— EXERCISE DESCRIPTION —
Reproduce exactly, with no pictures, each line from the opening of the material down through the line containing "ケアホーム保田窪です。4月3".

— INPUT DATA —

• • • •

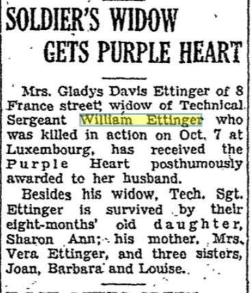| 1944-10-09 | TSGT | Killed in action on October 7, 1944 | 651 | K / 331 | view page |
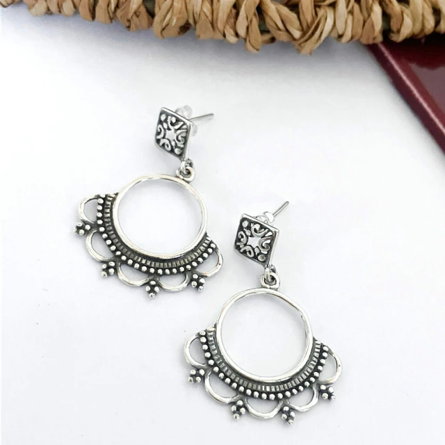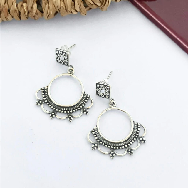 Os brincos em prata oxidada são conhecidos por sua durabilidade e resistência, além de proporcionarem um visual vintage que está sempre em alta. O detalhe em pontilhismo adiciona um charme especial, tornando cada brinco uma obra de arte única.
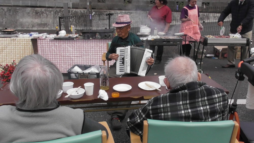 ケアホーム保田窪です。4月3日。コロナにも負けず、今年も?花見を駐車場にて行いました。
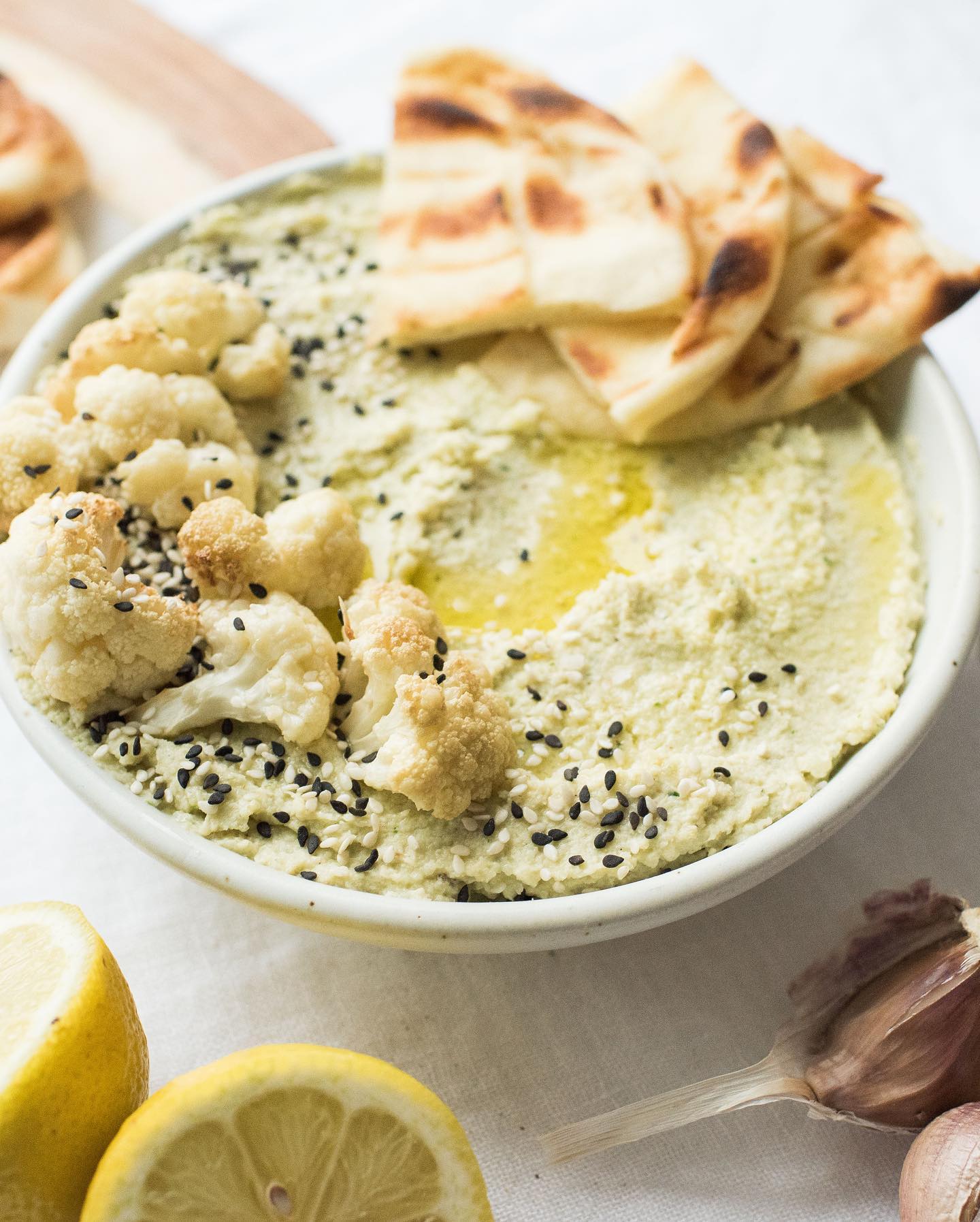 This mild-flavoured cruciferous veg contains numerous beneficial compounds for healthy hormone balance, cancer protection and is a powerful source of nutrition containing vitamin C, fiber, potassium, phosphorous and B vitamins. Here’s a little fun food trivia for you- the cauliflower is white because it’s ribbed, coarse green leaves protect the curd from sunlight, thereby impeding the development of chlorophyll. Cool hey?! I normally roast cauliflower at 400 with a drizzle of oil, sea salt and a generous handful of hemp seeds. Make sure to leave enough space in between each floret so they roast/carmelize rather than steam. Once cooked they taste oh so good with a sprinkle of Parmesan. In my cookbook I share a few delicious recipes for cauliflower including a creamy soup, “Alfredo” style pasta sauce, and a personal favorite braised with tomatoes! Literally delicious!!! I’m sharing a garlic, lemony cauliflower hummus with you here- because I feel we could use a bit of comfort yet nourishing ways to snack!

• • • •

— ANSWER TO THIS TASK —
| 1944-10-09 | TSGT | Killed in action on October 7, 1944 | 651 | K / 331 | view page |
 Os brincos em prata oxidada são conhecidos por sua durabilidade e resistência, além de proporcionarem um visual vintage que está sempre em alta. O detalhe em pontilhismo adiciona um charme especial, tornando cada brinco uma obra de arte única.
 ケアホーム保田窪です。4月3日。コロナにも負けず、今年も?花見を駐車場にて行いました。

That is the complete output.